Non sono d’accordo: non penso sia stato giusto sospendere tutti i campionati per la morte in campo di un giocatore, tragica, ma naturale; non penso sia stata la risposta giusta a quanto avvenuto, né il modo giusto di mostrare rispetto e condividere il dolore. E io non sono d’accordo, nonostante il conformismo omologato di tutti gli apprezzamenti pubblici e mediatici per la decisione della Federazione, suggeriti i primi dalla facile demagogia del consenso funereo e dettata la seconda dal timore delle critiche che un atteggiamento diverso avrebbe comportato.

Intendiamoci e non giochiamo su facili equivoci: il decesso improvviso di un giovane di 25 anni è una tragedia umana; e lo sarebbe parimenti stata se fosse avvenuto su un banco d’Università o a un tavolo di lavoro o durante una gita con gli amici o al tavolino di un bar; ed è una tragedia che colpisce di più perché avviene sotto gli occhi delle telecamere –a proposito di ipocrisia, vogliamo parlare delle immagini di Morosini che s’accascia in campo riproposte all’infinito e ‘moviolizzate’ sugli schermi televisivi?-.

Ma è una morte accidentale, come ne sono sempre avvenute e, purtroppo, sempre avverranno, anche se gli esami medici saranno sempre più accurati; anche se la prevenzione in campo sarà migliorata; anche se l’arrivo dei soccorsi sarà più tempestivo. E’ una tragedia umana, non una tragedia da attribuire al ‘sistema’: non è la morte di un agente, o di un tifoso, vittima di scontri tra opposte fazioni prima, durante o dopo un match; non è la morte di un giocatore vittima di un’aggressione in campo (o fuori dal campo)… Il ‘sistema’ ha tante enormi responsabilità, ma non Morosini, come non Curi molti anni or sono e i tanti purtroppo venuti dopo di lui, in Italia e ovunque: e chi dice ‘mai più’ nega la friabilità della vita.

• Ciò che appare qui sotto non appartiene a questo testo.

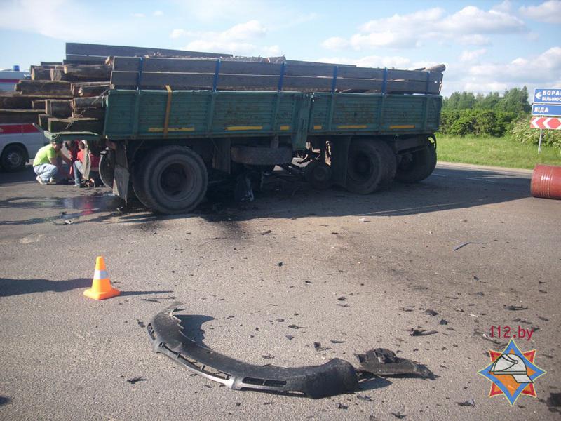 ДТП с участием грузового автомобиля "КАЗ" и автомобиля "Фольксваген-Пассат В5" произошло на трассе М-11 Лида - Вильнюс, на выезде из Лиды, 7 июня после 17 часов.

Giusto, giustissimo, sospendere il match in corso. Ma bloccare tutte le attività, senza che questo abbia alcun rilievo preventivo rispetto a ulteriori incidenti analoghi, non mi pare giusto: mi pare, piuttosto, un lavarsi la coscienza dall’accusa, forse emotiva e infondata, e magari pure dal dubbio di non avere fatto abbastanza per impedire la tragedia. Se muore d’infarto – non un incidente sul lavoro, un infarto – un impiegato alla scrivania in ufficio –e succede-, se muore un operaio al tornio in fabbrica –e succede-, se muore un giornalista al computer –e succede-, nessuno si aspetta che tutte le attività del loro settore si fermino.

Una volta si diceva che ‘the show must go on’; oggi, sembra blasfemo dirlo. Io sarò blasfemo, ma lo penso e lo dico: non conoscevo Morosini, anzi –pur essendo tifoso e appassionato di calcio- non avevo alcuna conoscenza del suo percorso sportivo e personale, ma credo che scendere in campo con impegno e con lealtà, dopo avere osservato un minuto di silenzio e portando il lutto al braccio, sarebbe stata da parte del ‘sistema’ risposta migliore di una domenica di stadi vuoti e di dolore ufficiale.  Se Morosini era atleta corretto e onesto, come non dubito che fosse, una partita venduta in meno sarebbe stata, da parte di tutti i suoi colleghi, risposta mille volte più adeguata di cento partite non giocate.